Mushroom Peppercorn Cream Pasta
- Tracy Scheckel
- Jan 20
- 3 min read

About a gazillion years ago, WAY before brewpubs were a thing, we went to one in Greenwich Village on the edge of SoHo in the vicinity of Thompson and Broome Streets (in case anyone out there remembers the place). For the life of me I can't remember the name and neither can John. I can't even remember if we liked the beer, but what I do remember is the dinner I had -- which was absolutely delicious and like nothing I'd ever tasted.
Imagine homemade fettuccine with a wild mushroom cream sauce infused with just a touch of bourbon with cooked tri-color peppercorns and Bulgar wheat. I'm not sure I even knew what Bulgar wheat was back in 1993ish.
Soon after we went to this place that shall remain nameless, I made the recipe at home -- including making the pasta by hand. Of course, the 2 adults in the house loved it but the 4 children were not thrilled. Did I write down what I did? Nope!
Now that the nest is empty, with fond memories of this dish in the recesses of my mind, I set out to replicate it a few months back. I was a tad impatient and not finding the Bulgar readily available, I substituted tri-color quinoa, then because I am on a mission to make the carbs I eat more worthwhile, I used rotini made from lentil and chick pea flour.
Barilla makes these single ingredient pastas in 8.8 oz. boxes, the lentil variety is reddish in color and the chickpea one looks like any other pasta. While a bit pricey, they are worth it as both are delicious and stay firm. They don't have that slimy or gritty texture of other gluten-free pastas. Further, they are a great source of protein and are quite filling so that 8.8 oz. box goes a long way.
THE RECIPE:
1 lb pasta (fettuccine or something bite-sized that will hold the sauce)

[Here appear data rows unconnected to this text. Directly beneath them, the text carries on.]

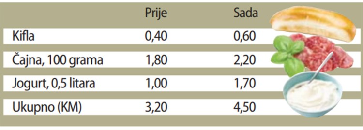 Kifla, umjesto nekadašnjih 40 feninga, sada košta 60, a 100 grama čajne kobasice je sa 1,80 poskupjelo na 2,20 KM. Dodajmo tome i pola litra jogurta, koji smo plaćali jednu marku, a sada je 1,70 KM.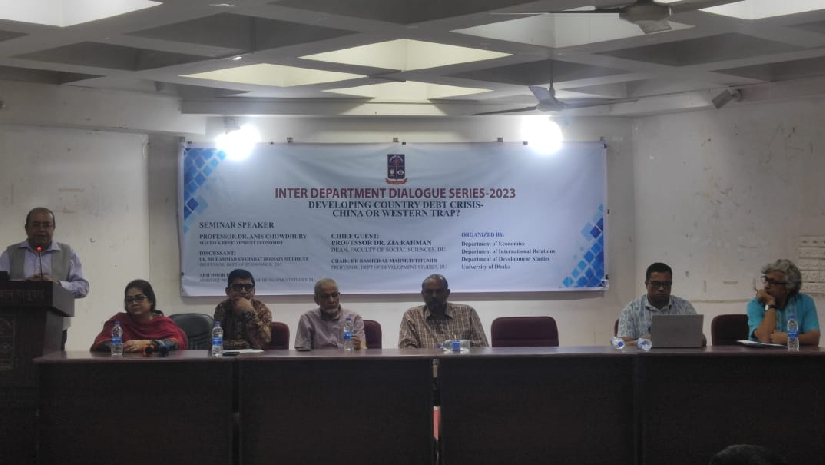 ঋণ বাংলাদেশের অর্থনীতিতে বড় চাপ সৃষ্টি করেছে বলে মন্তব্য করেছেন উন্নয়ন ও অধ্যয়ন বিভাগের চেয়ারম্যান রাশেদ আল মাহমুদ তিতুমীর। সোমবার (৬ মার্চ ) বিকেলে ঢাকা বিশ্ববিদ্যালয়ের সামাজিক বিজ্ঞান অনুষদস্থ প্রফেসর ড. মোজাফফর আহমেদ চৌধুরী অডিটোরিয়ামে ‘উন্নয়নশীল দেশে ঋণ সংকট - চীন বা পশ্চিমা ফাঁদ!’ শীর্ষক এই সেমিনারে তিনি একথা বলেন।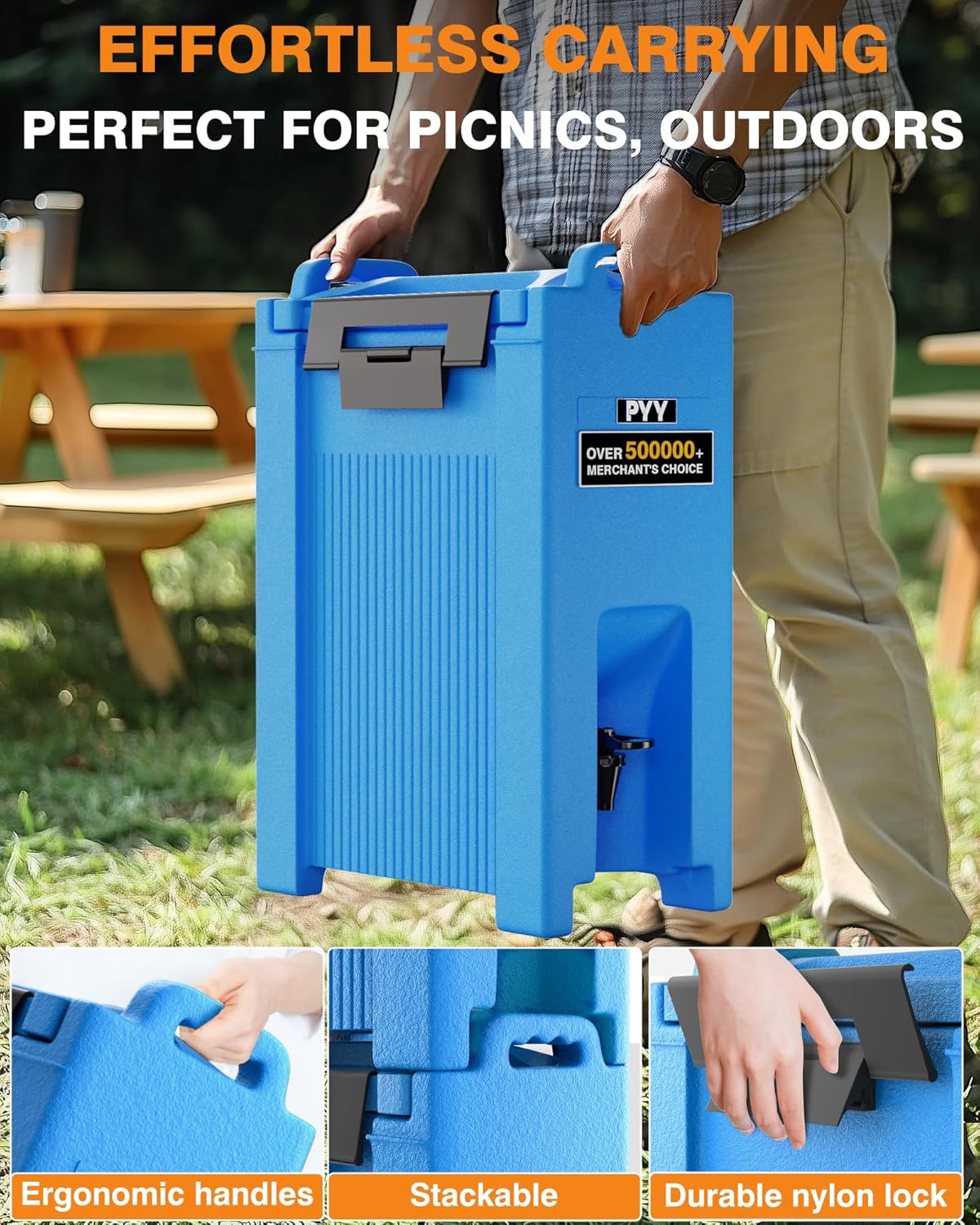 - INTELLIGENT DESIGN:The spacious nylon lock is easy to open and close with one hand. Two ergonomic handles integrated at the top of the drink dispenser make it convenient to carry. Designed with space-saving in mind, it supports stacking multiple buckets of different volumes.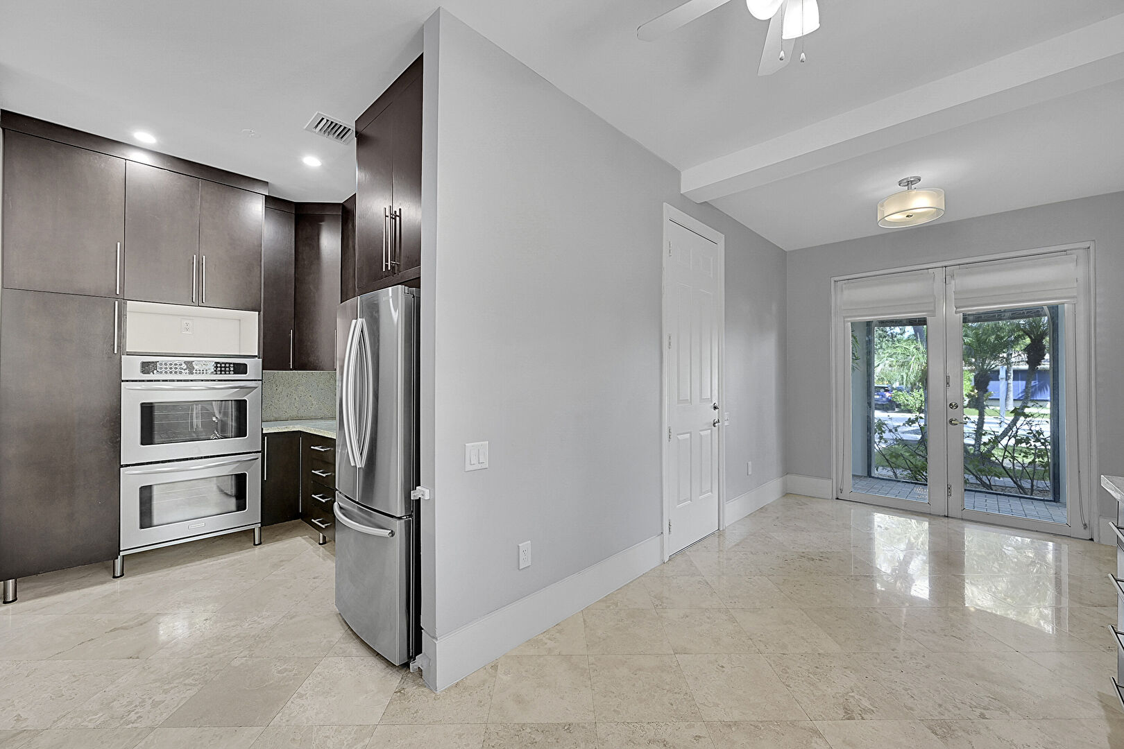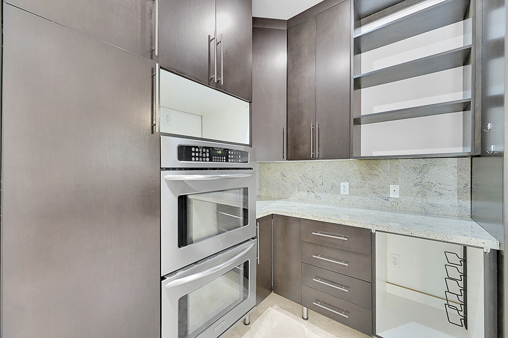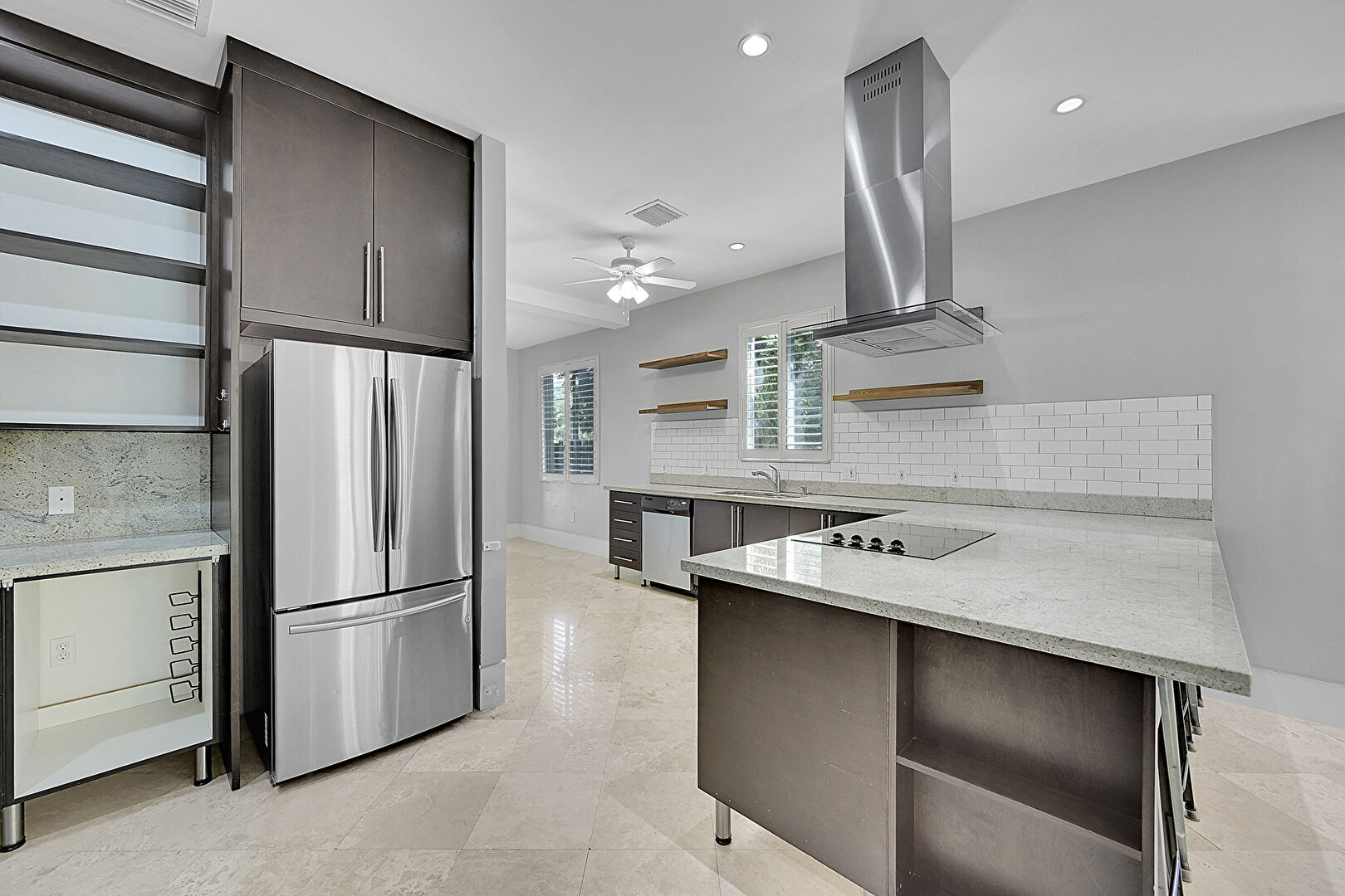 Baseboards Wall, Beamed Ceiling, Ceiling Fan, Dark Brown Cabinets, Double Oven, Drywall, Flat Panel Cabinets, French Doors, Kitchen Bar, Kitchen Island, Kitchen Peninsula, Natural Light, Open Shelves, Opens To Living Area, Pendant Lighting, Recessed Lighting, Smoke Carbon Monoxide Detector, Stone Countertops, Tile Floor, U Shaped Kitchen, Vent, Baseboards Wall, Dark Brown Cabinets, Drywall, Flat Panel Cabinets, Opens To Living Area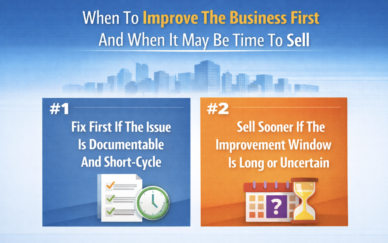 Not every owner should delay the sale process to chase a better number. Some improvements can raise business value before selling within a few months. Others require years of execution and still may not produce a higher multiple. The right timing depends on whether the gap is fixable, measurable, and likely to matter to buyers.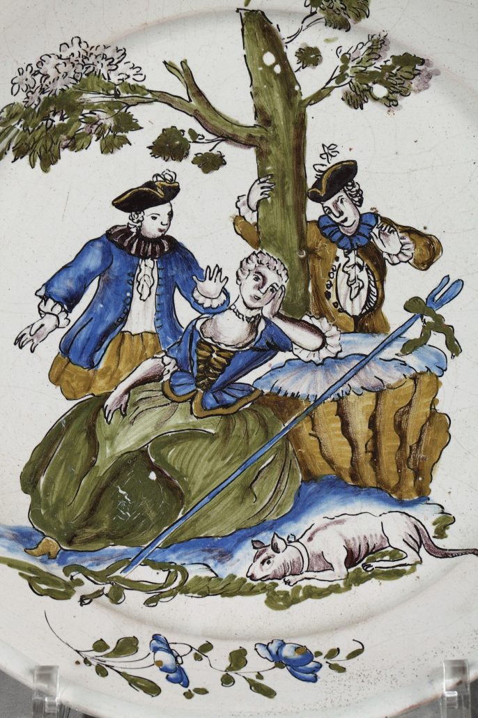 GERMANY : 18 th century. Tin-glazed earthenware plate depincting a love scene.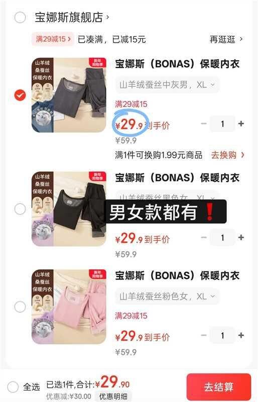 宝娜斯 男女秋衣套装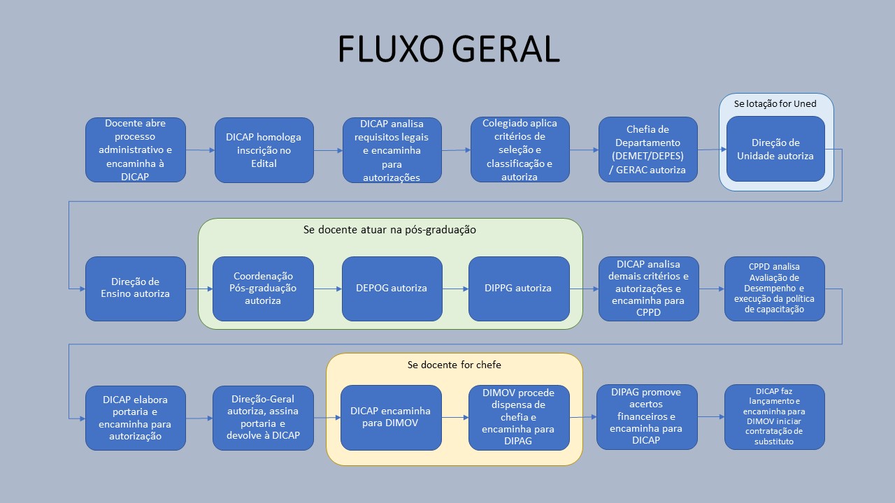 O fluxo do processo está representado na imagem abaixo. A tramitação do processo no SUAP para as autorizações parciais deve ser feita diretamente para as instâncias de autorização, sem passagem pela DICAP. Após as autorizações, DIREN ou DIPPG encaminham o processo para análise da DICAP.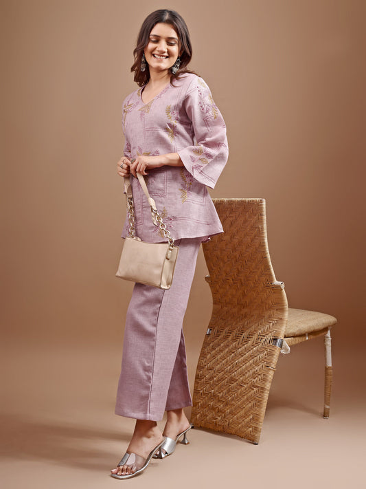 Dhiyona TI Women's Mauve Linen Contrast Thread Embroidery Top with Palazzo

1 onion cut into a 1/2' dice
2-3 cloves garlic sliced
4T butter
2T olive oil
Salt / pepper to taste
1/2 C quinoa or Bulgar wheat
3T tri-color peppercorns
1-2C chicken or vegetable broth
6-8 cups of a variety of mushrooms (I used shiitake, white button, and oysters, but any mix will do)
1/4 C bourbon or sherry
! -2 C heavy cream
Add the olive oil and butter to a large skillet and heat. Add the onions and garlic and a pinch of salt. Cover and allow to caramelize.
Pour the quinoa and peppercorns into the skillet and cover and stir occasionally to let quinoa toast, but not burn.
Add the shiitakes and cover allowing them to cook to a nice deep golden color
Add the other mushrooms and about a cup of broth.
Allow to simmer to cook the mushrooms and reduce a bit. If it starts to get sticky, add some more broth.
Once the mushrooms are all cooked, add the bourbon or sherry (I used sherry) and increase the heat to allow the alcohol to evaporate off.
All of the above should take about an hour.
While the pasta is boiling, add a cup of heavy cream and allow it to simmer and thicken a bit.
When the pasta is cooked, drain it and add it to the skillet and toss to mix.
You can add either broth or heavy cream here if feels like the pasta isn't all well coated. (this depends on the type of pasta you use)

This can be served with shaved Parmesan but honestly, it doesn't need it.